Views expressed in opinion columns are the author’s own.

It has been almost a year since 2nd Lt. Richard Collins was fatally stabbed at the University of Maryland, almost half a year since the university announced there had been 27 hate bias incidents reported between the beginning of the 2017 fall semester and Dec. 8, and a week and a half since university officials announced they wouldn’t disclose the results of their investigation into a noose found in a fraternity house.

And April 24, this university’s Senate voted to send university President Wallace Loh a set of proposals, crafted by the Joint President and University Senate Inclusion and Respect Task Force, to prevent hateful incidences like these from rooting in campus culture. His response to the recommendations is expected in the next two weeks.

[Read more: UMD Senate approves diversity task force recommendations]

It’s a nice gesture, but this policy development is blatantly delayed — the same way most responses to this university’s hate bias problems have been. Platitudes about commitments to inclusion and safety on this campus have little weight compared to the fear, tension and incremental desensitization that hits students as soon as hate bias incidents are reported. Those affirmations of diversity and community end up being undermined by how tone deaf they are when they finally arrive.

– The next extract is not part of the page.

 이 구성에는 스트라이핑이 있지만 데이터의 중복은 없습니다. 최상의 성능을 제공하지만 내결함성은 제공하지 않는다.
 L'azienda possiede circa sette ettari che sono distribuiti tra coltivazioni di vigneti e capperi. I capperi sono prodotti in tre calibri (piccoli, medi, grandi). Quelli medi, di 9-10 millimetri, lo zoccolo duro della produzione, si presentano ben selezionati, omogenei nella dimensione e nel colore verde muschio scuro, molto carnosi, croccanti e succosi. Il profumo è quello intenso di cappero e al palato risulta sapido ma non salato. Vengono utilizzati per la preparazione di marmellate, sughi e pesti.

This university consistently misses the opportunity to reassure students in the moments they need it. It’s hard to believe in administrative promises of action and change, because resolution comes after months of hidden dialogue and obscure methods. Often, the resolution is a set of sloppy, quoted condolences.

And not only does this university’s administration fail to deliver timely responses ­— it often fails to deliver them right the first time. Officials have told us this university is “not a home” in response to students asking for a campuswide ban of hate symbols. They have expounded on the importance of having dialogues with the community, yet failed to personally engage in them. They’ve been defensive of their commitment to diversity, without considering some of this university’s visible failings at that.

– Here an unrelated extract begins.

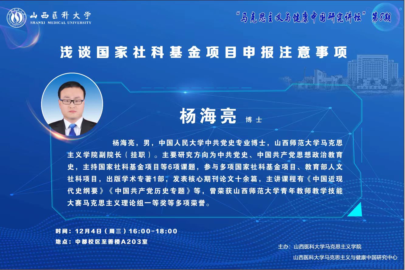 【“马克思主义与健康中国研究讲坛”第8期】杨海亮讲“谈谈国家社科基金项目申报注意事项”

It all creates an expected pattern that leads to a continuing culture of mistrust between students and administrators. It isn’t evident administrators have learned anything from past miscommunications, or that they know what to change going forward. The discussion around these new recommendations doesn’t give much hope for that changing.

One of the proposals by the Inclusion and Respect Task Force — which includes administrators, faculty and some students, among others — was about creating a values statement to, in the words of co-chair Lucy Dalglish, “[urge] members of the campus community to consider the harm their speech can cause.” This sounds like a codification of what the university already does: throw out the same set of buzzwords concerning community, commitment to change and inclusivity that we’ve become as desensitized to as the hate bias incidences themselves.

The proposals focus a lot on efforts of community education and communication, but it feels a little disingenuous when it’s been entirely the university community who has responded to hate bias in any meaningful way. The gap of time without communication from the university is filled by the students’ solidarity.

[Read more: UMD community members sound off at first diversity task force open forum]

Student efforts have led to legislation mandating every public college in Maryland develop a hate bias prevention plan. A coalition of student groups made 64 recommendations to this university about how it could better serve its marginalized students. A student pushed to have the bus stop Collins was stabbed at converted to a memorial. All these actions show how consequential hate bias incidents are to the student body.

Students have clearly been thinking about hate and intolerance a lot, and they’re doing their part to make changes. It’s the absence of an administrative response that gives this university a reputation.

These recommendations are disappointing because they’re not changing any significant dynamics. The real hard work and culture shift will continue to come from the student body while administration will sit on the issues and claim the students’ achievements as their own.